### Exercise prompt
Task for the records below: please retype exactly and only the lines from the first through the one with "- Długość ciągnika", with every picture omitted.

### Items from a data source
● ● ● ●
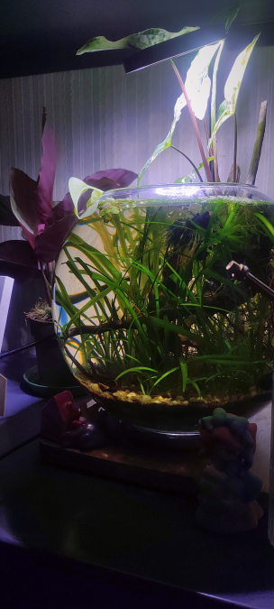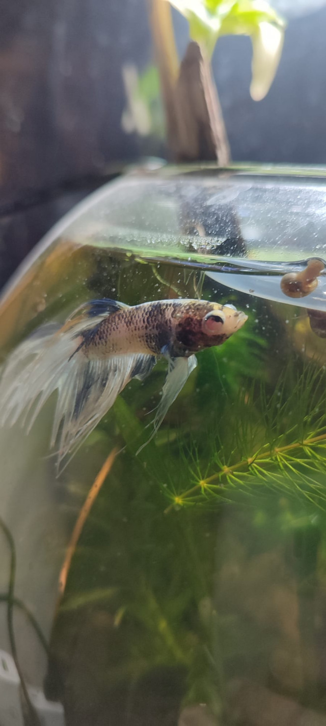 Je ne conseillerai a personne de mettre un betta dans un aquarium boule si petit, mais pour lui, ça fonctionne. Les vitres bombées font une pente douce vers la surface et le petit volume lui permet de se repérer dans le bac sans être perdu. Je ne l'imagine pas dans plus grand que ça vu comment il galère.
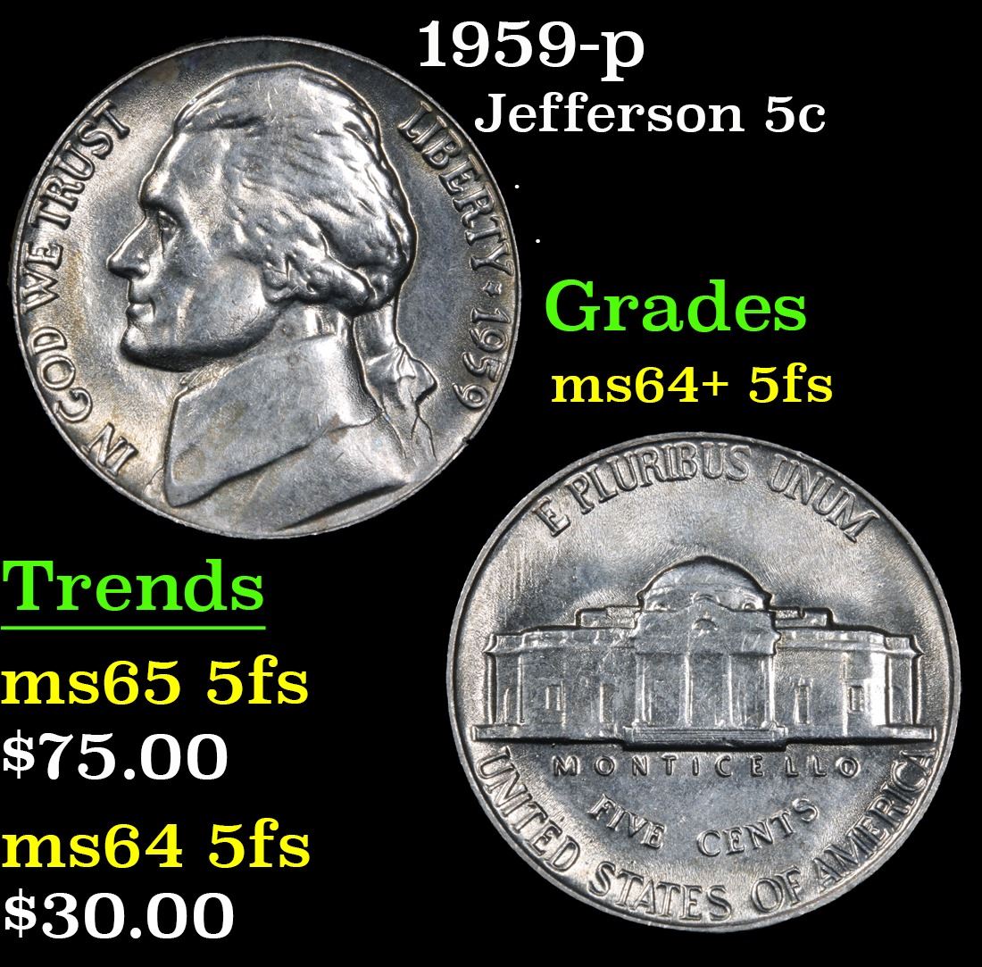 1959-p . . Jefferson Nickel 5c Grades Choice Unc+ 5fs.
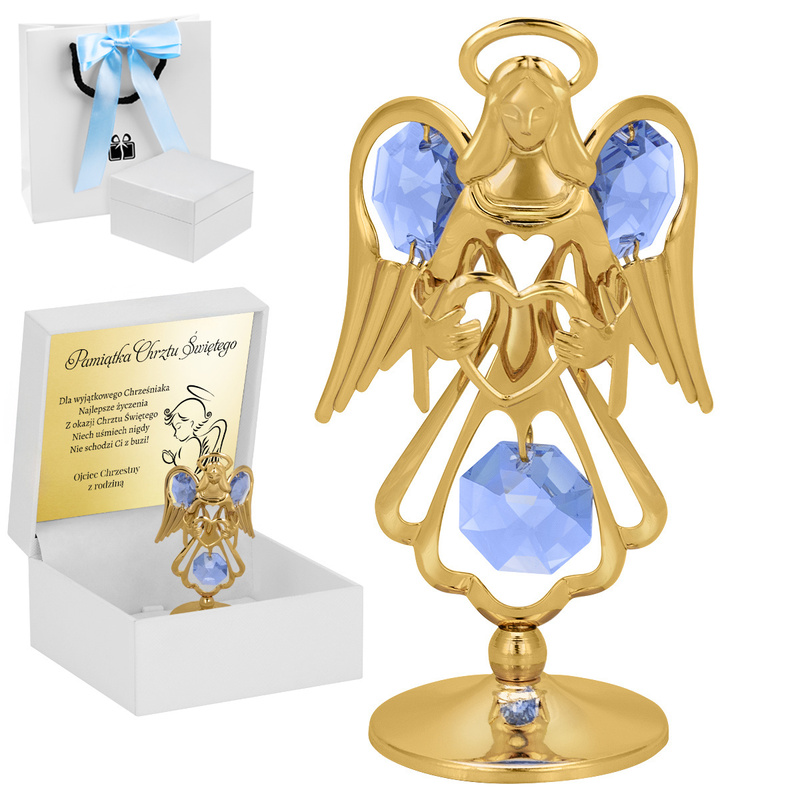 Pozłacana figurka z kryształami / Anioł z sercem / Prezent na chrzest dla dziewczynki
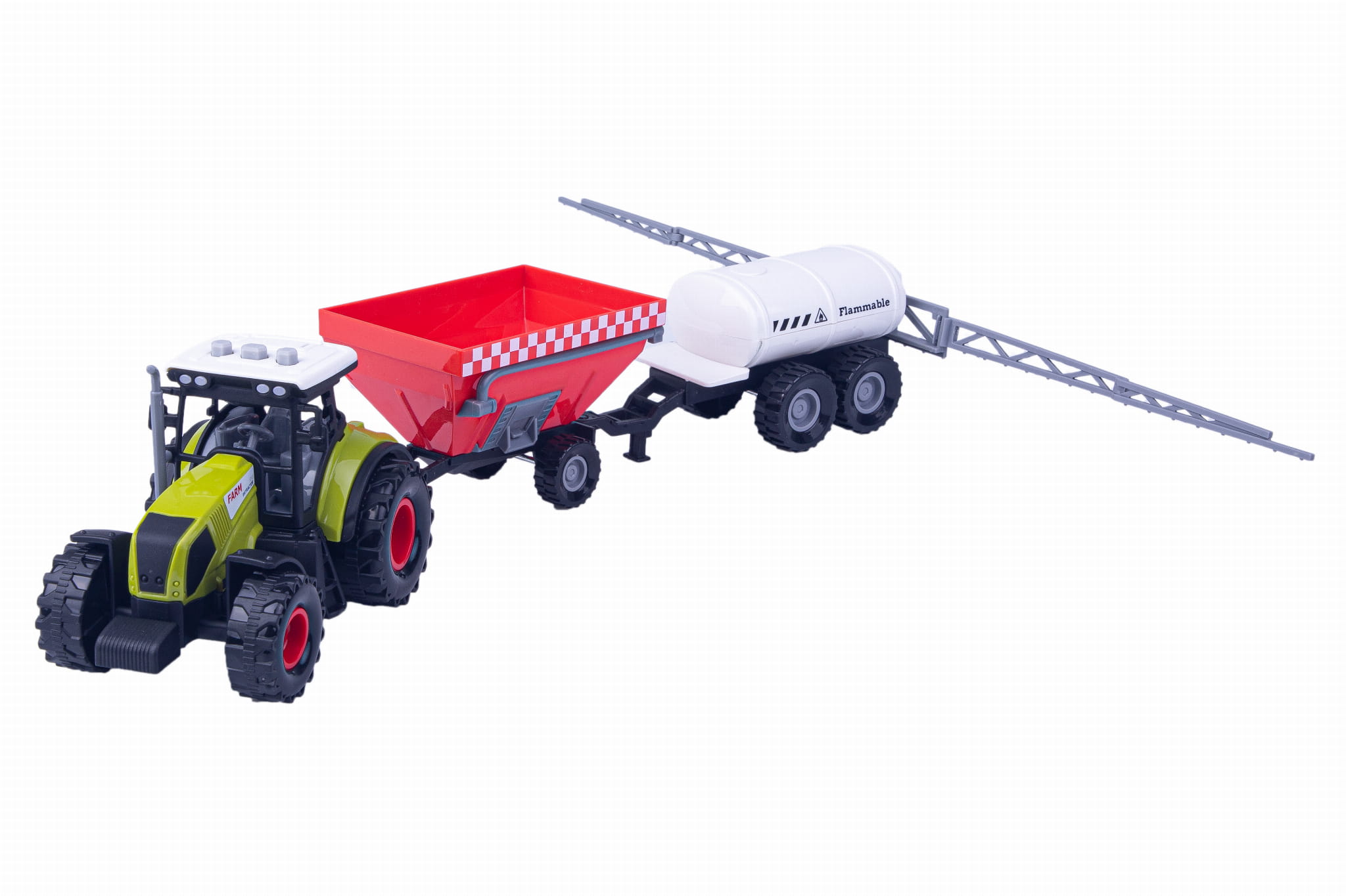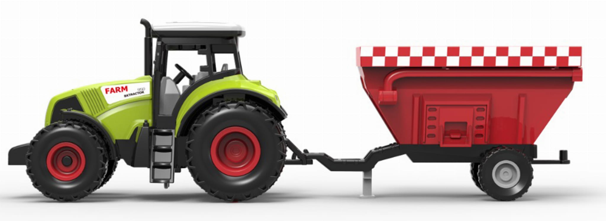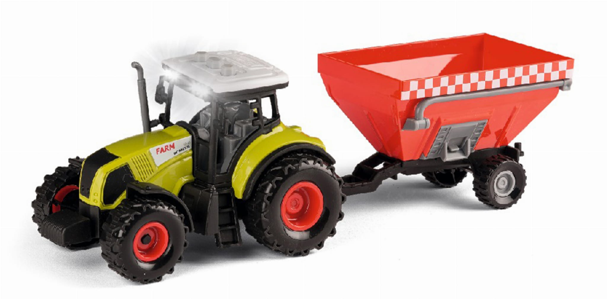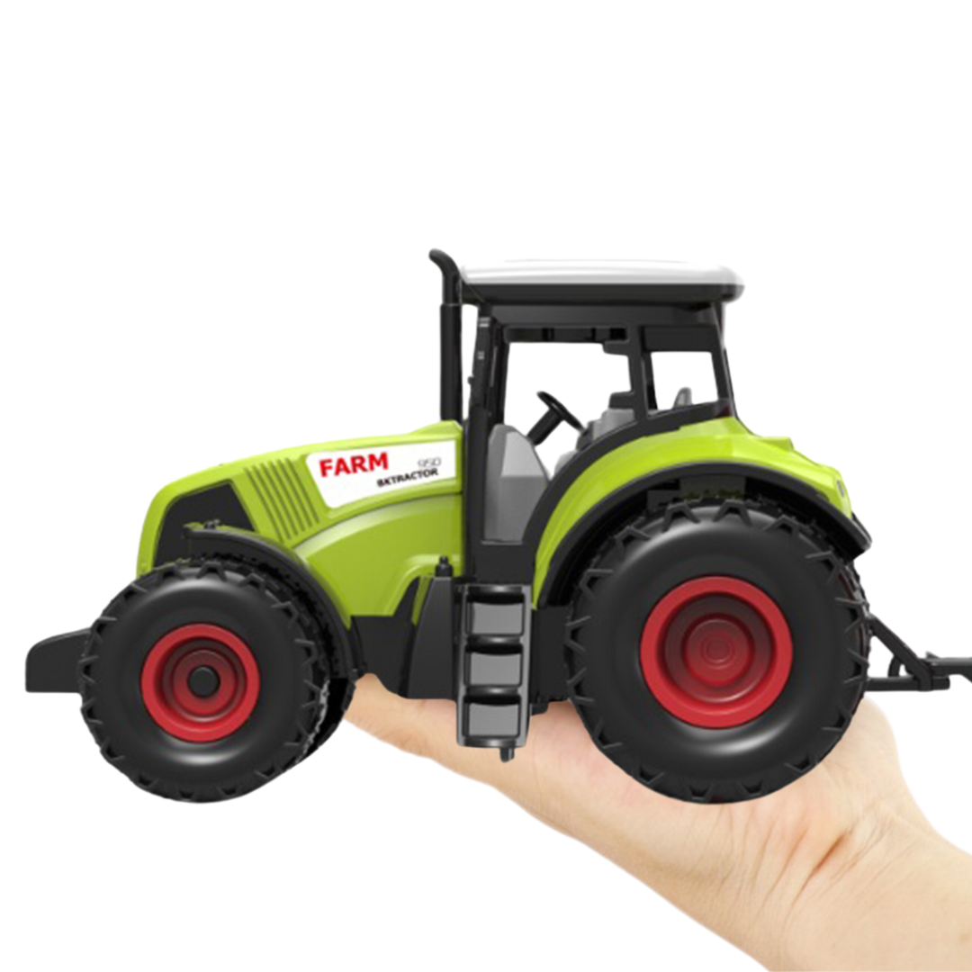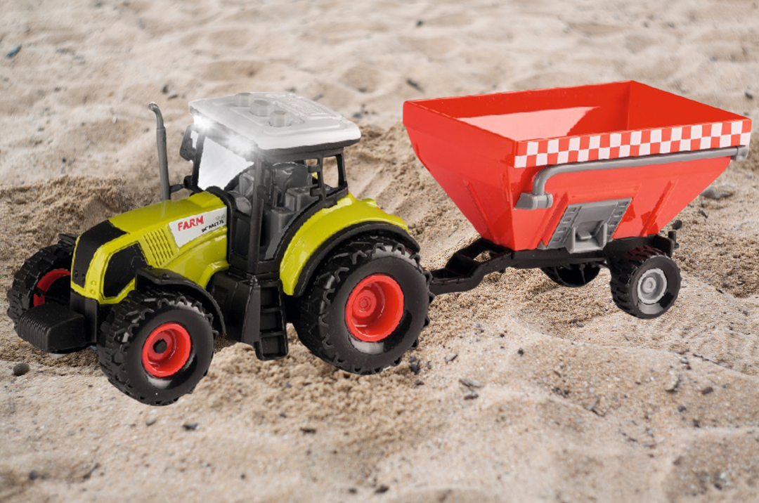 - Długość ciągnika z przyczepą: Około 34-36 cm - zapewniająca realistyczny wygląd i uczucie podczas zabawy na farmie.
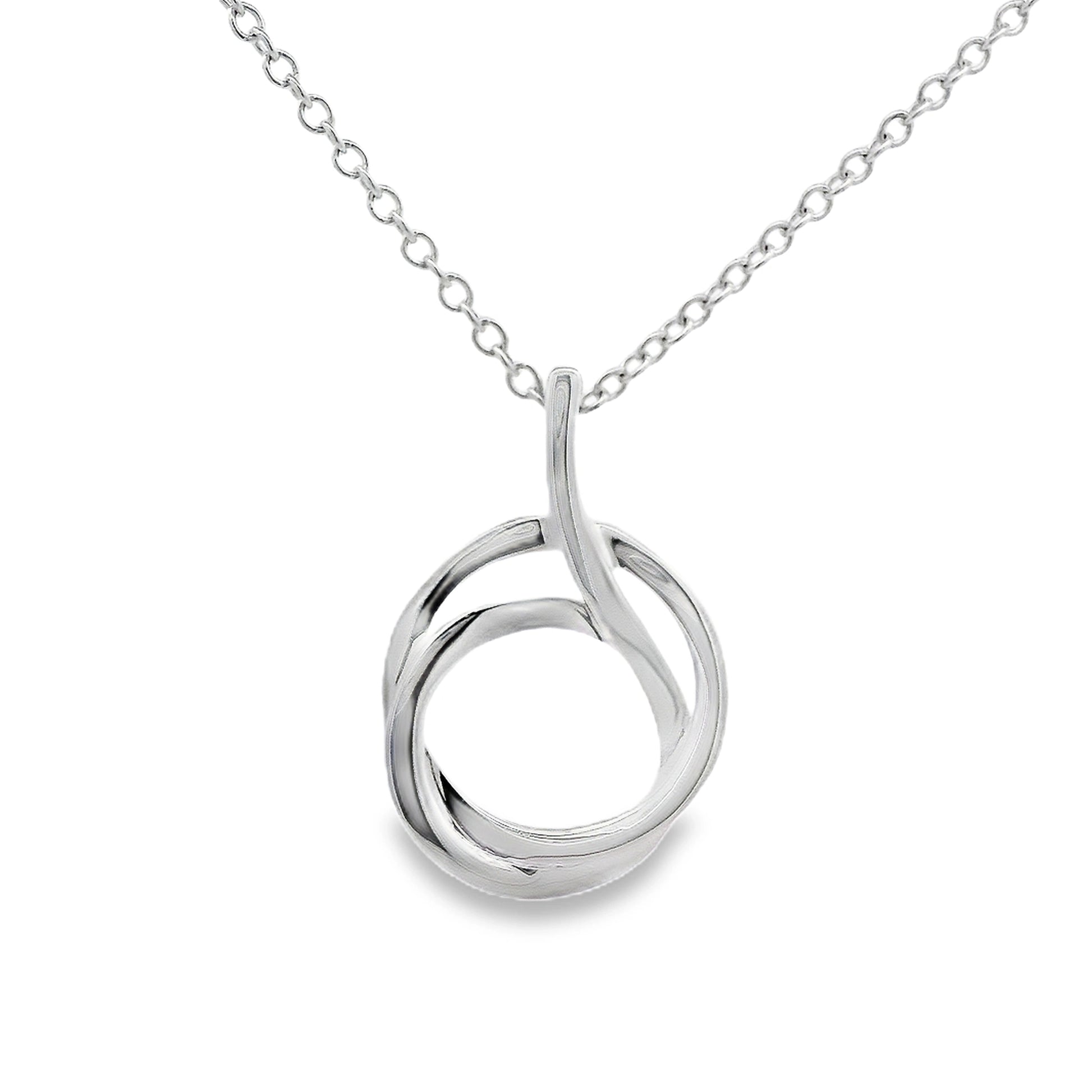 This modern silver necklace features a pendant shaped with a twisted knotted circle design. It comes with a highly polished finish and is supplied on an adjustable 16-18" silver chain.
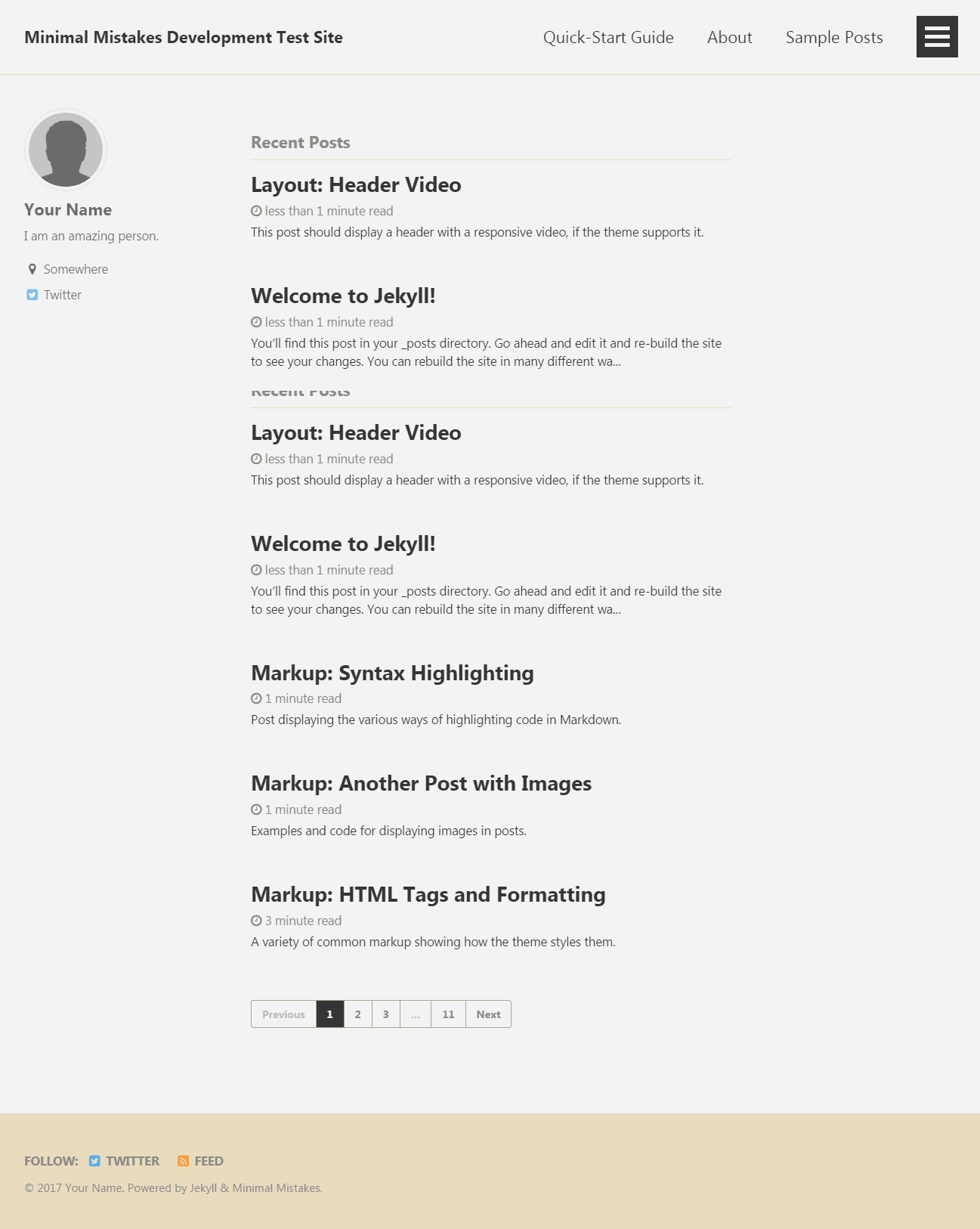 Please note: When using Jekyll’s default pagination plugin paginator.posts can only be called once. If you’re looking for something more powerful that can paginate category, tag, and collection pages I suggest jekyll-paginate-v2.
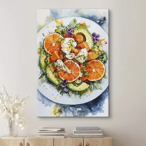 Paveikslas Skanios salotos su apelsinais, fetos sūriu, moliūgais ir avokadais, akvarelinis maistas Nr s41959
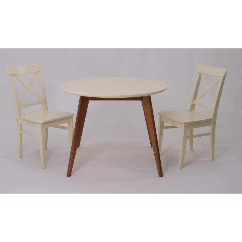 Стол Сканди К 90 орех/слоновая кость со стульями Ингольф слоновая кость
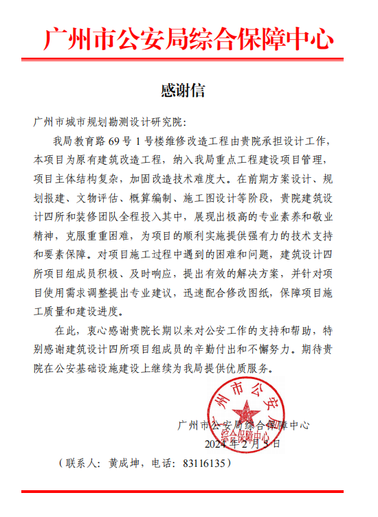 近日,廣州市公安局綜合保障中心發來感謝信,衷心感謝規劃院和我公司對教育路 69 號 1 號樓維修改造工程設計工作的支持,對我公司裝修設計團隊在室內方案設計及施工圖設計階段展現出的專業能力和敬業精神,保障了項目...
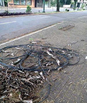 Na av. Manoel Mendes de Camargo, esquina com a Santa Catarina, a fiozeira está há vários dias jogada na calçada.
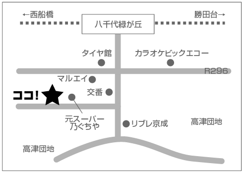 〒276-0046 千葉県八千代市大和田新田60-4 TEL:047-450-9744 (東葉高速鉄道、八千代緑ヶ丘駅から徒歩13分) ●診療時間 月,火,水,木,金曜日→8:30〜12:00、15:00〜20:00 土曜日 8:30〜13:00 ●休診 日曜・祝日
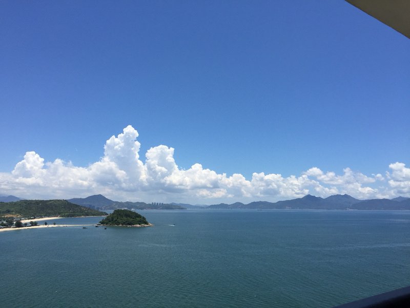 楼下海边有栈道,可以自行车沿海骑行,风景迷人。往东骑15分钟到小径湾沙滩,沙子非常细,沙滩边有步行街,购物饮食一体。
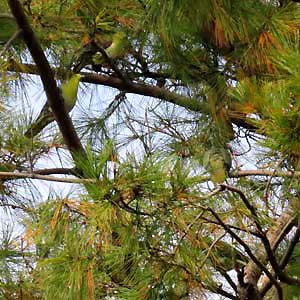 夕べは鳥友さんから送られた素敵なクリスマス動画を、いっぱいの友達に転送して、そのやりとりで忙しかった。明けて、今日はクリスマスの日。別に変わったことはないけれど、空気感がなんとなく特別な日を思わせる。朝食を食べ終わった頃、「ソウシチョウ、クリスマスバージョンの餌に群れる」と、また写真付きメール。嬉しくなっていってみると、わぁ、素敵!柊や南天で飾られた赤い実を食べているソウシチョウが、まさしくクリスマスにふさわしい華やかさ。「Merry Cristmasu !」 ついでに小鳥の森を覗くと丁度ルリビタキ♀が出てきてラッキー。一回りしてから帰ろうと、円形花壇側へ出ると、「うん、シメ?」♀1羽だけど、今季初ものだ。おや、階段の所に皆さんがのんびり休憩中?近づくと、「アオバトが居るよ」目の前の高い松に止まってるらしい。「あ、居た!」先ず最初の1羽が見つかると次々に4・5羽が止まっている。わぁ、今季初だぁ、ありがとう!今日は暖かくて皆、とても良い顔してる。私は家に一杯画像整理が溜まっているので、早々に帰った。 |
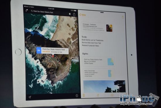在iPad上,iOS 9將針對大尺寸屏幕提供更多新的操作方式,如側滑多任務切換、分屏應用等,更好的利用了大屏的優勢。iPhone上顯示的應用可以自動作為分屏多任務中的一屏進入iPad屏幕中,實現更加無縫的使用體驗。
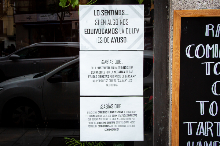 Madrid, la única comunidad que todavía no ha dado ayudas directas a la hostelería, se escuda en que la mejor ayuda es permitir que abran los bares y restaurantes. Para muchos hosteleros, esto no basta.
● ● ● ●
### Exercise result
 Je ne conseillerai a personne de mettre un betta dans un aquarium boule si petit, mais pour lui, ça fonctionne. Les vitres bombées font une pente douce vers la surface et le petit volume lui permet de se repérer dans le bac sans être perdu. Je ne l'imagine pas dans plus grand que ça vu comment il galère.
 1959-p . . Jefferson Nickel 5c Grades Choice Unc+ 5fs.
 Pozłacana figurka z kryształami / Anioł z sercem / Prezent na chrzest dla dziewczynki
 - Długość ciągnika z przyczepą: Około 34-36 cm - zapewniająca realistyczny wygląd i uczucie podczas zabawy na farmie.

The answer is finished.